Has anyone ever taken as long to read 173 pages, as I took to read Reinhold Niebuhr's The Irony of American History? I found myself only able to consume, like, five-ten pages at a time. On my best days, I think I knocked out twenty or so. Thinking is hard work--when I did reporting for the polling piece, I had to lay down for a minute because the minutiae made my head hurt. Same for Neibuhr. I could only take so much

Anyway, the book was incredible on many, many counts. You know you've read a great book when you can think of all the beautiful things you took away, while still clear that you missed quite a bit. I was struck by a lot of things--The irony of securing freedom for the world through the threat of nuclear annihilation. The irony of Marxism, allegedly atheist, as a political religion, a kind of Apocalyptic cult. And then most powerfully how our own sense of virtue and justness is blinding.
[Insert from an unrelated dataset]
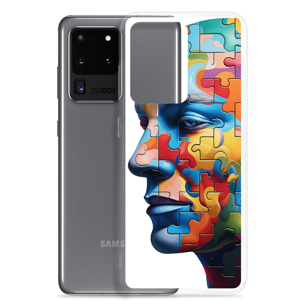 Show off your Samsung�s original design while embracing the striking visual appeal of "Mind in Pieces"! This clear case showcases a breathtaking portrait of a human face sculpted entirely from puzzle pieces, painted in a vibrant, swirling array of blue, red, yellow, and green. The sharp details and smooth gradients create a mesmerising illusion of movement, making this case a perfect combination of modern minimalism and surrealist art. The transparent background allows your phone�s natural beauty to complement the artwork, making for a sleek and sophisticated design. ?????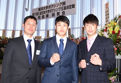 なお東洋大OBで五輪金メダリストから現在プロのWBA世界ミドル級チャンピオンとして活躍する村田(帝拳)は、同じ時間に世界ヘビー級タイトル戦のテレビ解説を務めたため、祝賀会に出席できなかった。祝賀会には同じくOBで現在プロとして活躍中の小原佳太(三迫)や高橋拓磨(ワールドS)らも駆けつけ、パーティーを楽しんでいた。

The worst part about insisting America is always "a force for good" in the world is that it overstates our abilities, and understates our limits. It is patriotism for suckers, analagous to the parent who spoils the child in the name of love. Niebuhr's awesome insight that man's attempt to be the director of history, blinds him to his role as actor, says so much about the world. So even as we talk about making the Middle East safe for freedom and democracy, even as we mindlessly claim that the natural destiny of all mankind is freedom, we are blind to our own selfish motives, our own animal interests. Everything is tainted. And that's beautiful and fine, as long as we can admit it.

This brings me to something else. Niebuhr's book is not overly religious until the end, but all through out I could tell I was reading a book written by a theologian. Look, I came up in a house that rejected religion, and so much of what will be normal for you, will be exotic to me. I always thought of Adam and Eve as a way to blame women for the fall of man, and maybe it's that too, I don't know. But I'd never thought of "the Original Sin" as being unchecked ambition, as being an absence of skepticism and self-reflection, a foolish desire to play God--like we just did in the Middle East. I left the book as I came to it--agnostic through and through--but really curious about Catholicism, in particular, and Christianity at large. Life is too short folks. There is too much out there to know.